1991 Türkiye üçüncü ve Avrupa dördüncü güzeli Defne Samyeli, hayatında yeni bir sayfa açtı.

“Son beş yıldır doğrularım ve yanlışlarımla kendimi yeniden keşfettiğim ve yeniden doğduğum müthiş bir evreyi yaşıyorum” diyen Samyeli, Elele dergisine verdiği röportajda yakında bir haber programı ile tekrar izleyici karşısına çıkacağını söyledi.

Tescilli bir güzelsiniz. Hiç, içten içe “güzel olmak, hayata 1-0 önde başlamaktır” diye düşündüğünüz oluyor mu?

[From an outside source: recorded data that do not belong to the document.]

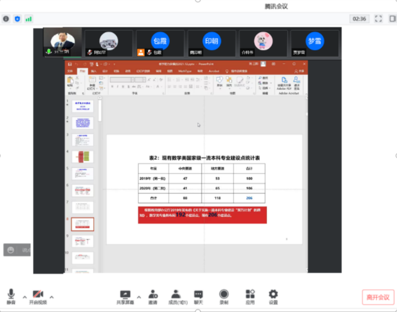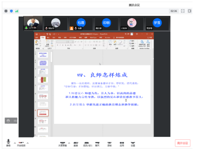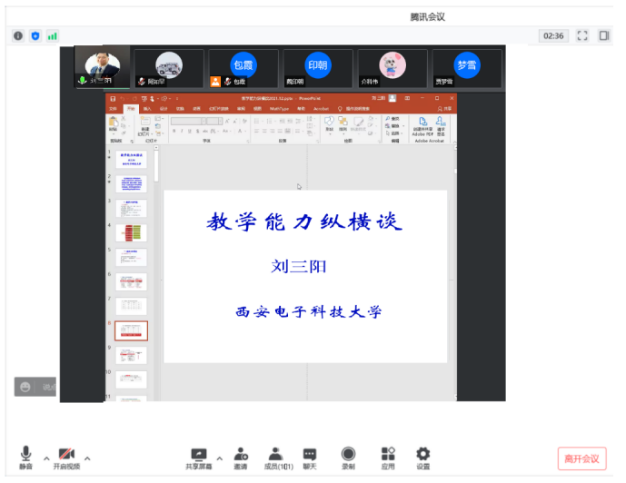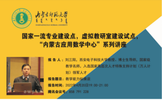 2022年4月20日19:00—21:00数学科学学院在线开展“国家一流专业建设、虚拟教研室建设、内蒙古应用数学中心”系列讲座。本次特邀请国家教学名师、西安电子科技大学刘三阳教授作主题为“教学能力纵横谈”的报告。报告由包霞副院长主持,院长扎其劳教授、党委书记李联和教授、副书记季建光老师及学院全体教师和慕名而来的其他院校部分教师聆听了本次报告。
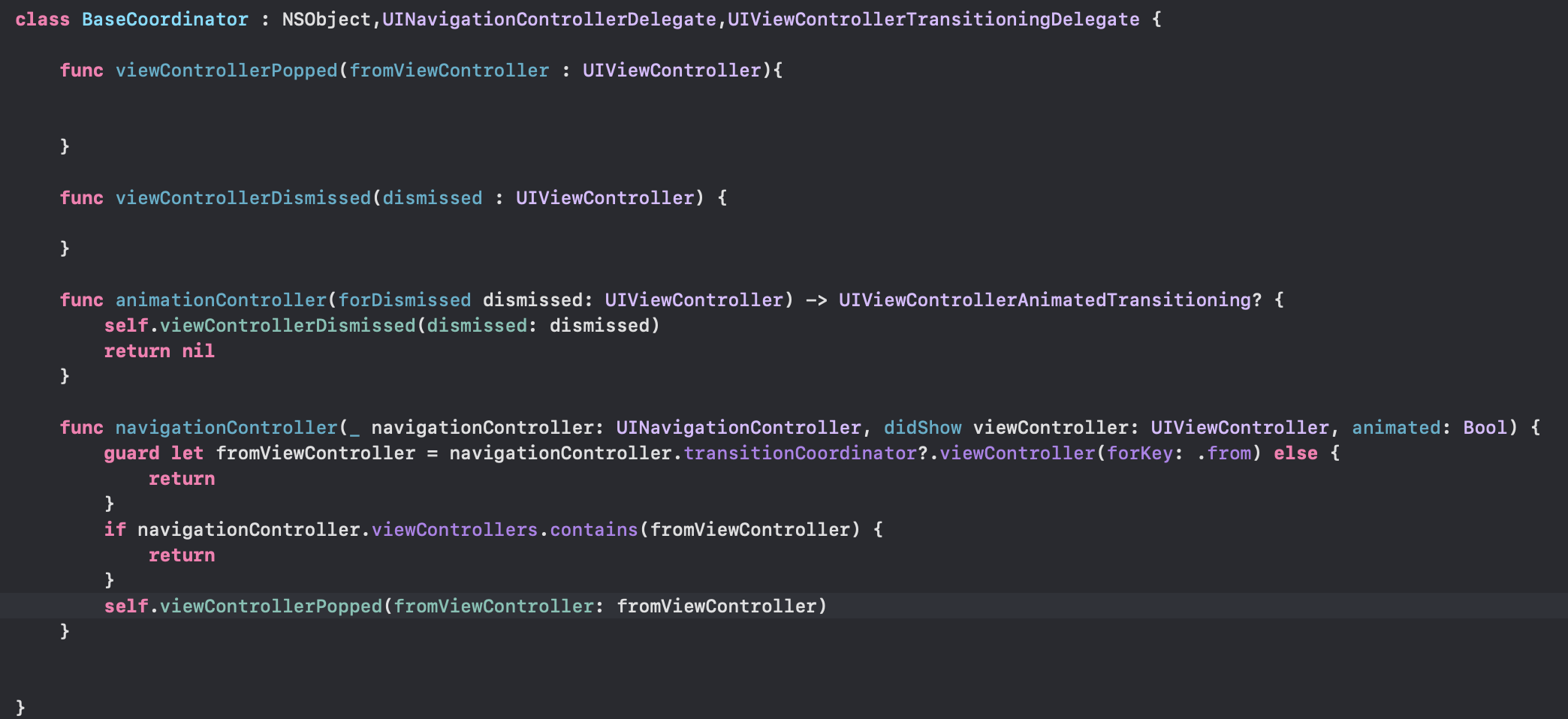 따라서 그냥 BaseCoordinator에 채택을 시켜줌으로써 코딩을 조금이나마 줄일 수 있습니다.
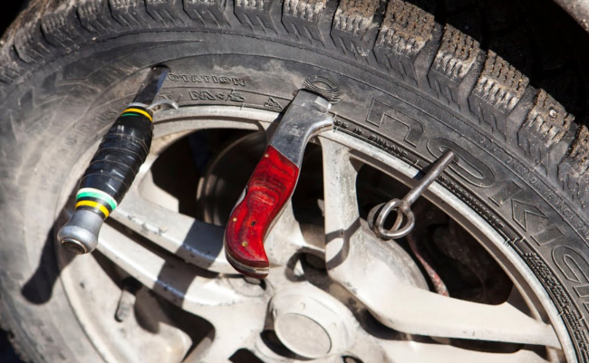 Однак коли повернулася, то виявила, що їй порізали усі чотири колеса.
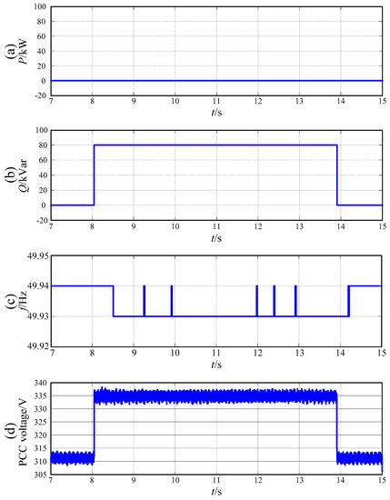 To carry out the identification experiments of GfQ(s) and GEQ(s), parallel inverters and the three-phase reactive load are integrated into the microgrid. After the system reaches a steady state, the active and reactive power references are set to 0 by MGCC at first. Then the reactive power reference is changed to 80 kVar at 9 s, and set to 0 again after 5.6 s. During this experiment, the active power reference remains at 0. Figure 10 shows the identification data Q0total, EPCC2, and fPCC2 sampled by the waveform recorder at PCC.
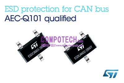 ESDCAN02-2BWY和ESDCAN03-2BWY是車規雙線(dual-line)Transil™保護晶片,承襲意法半導體在瞬態電壓防護市場的長期領導優勢 及受益於其對汽車市場的深入了解 。獨特地結合不同的參數,包括3.5pF超低電容和24V最低暫時過(stand-off)電壓,意法半導體成功地開發全球首款符合所有主要介面標準規範的CAN保護晶片,包括CAN-FD、LIN、FlexRay、MOST及SENT。
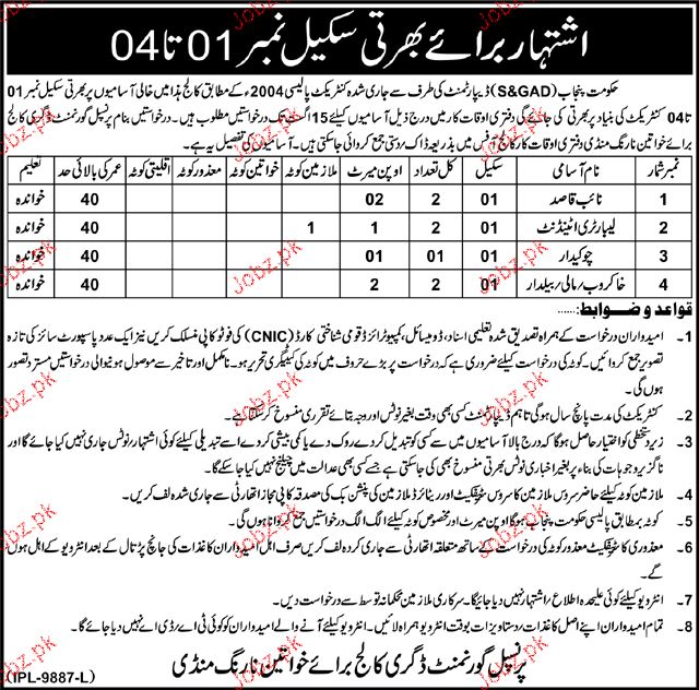 Lab Attendants, Naib Qasid, Chawkidars Job Opportunity
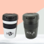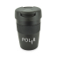 350ml double walled black stainless steel take out tumbler with black silicone grip band and secure sipper. BPA & PVC free. Available in black

- Yaptığım işte doğal olarak güzellik bir avantaj. Dünya güzeli olmam gerekmiyor. Ama eli yüzü düzgün olanlar, yüzünde belirgin kusuru olanlara oranla elbette daha şanslı televizyonda. İşi bir yana bırakacak olursak, kadın-erkek hepimiz sosyal varlıklarız. Aynada önce kendimizle, hayatın içinde de başka insanlarla devamlı yüz yüzeyiz. İlk izlenimi veren, yüzümüz, fiziksel özelliklerimiz. Bu nedenle, güzellik hayata 1-0 önde başlamaksa, bu durumu kendine özen gösteren, bakımlı olan herkes avantaja dönüştürebilir. Kişinin güzelliği tartışılabilir ama bakımı asla. Özenilmiş olan, güzeldir.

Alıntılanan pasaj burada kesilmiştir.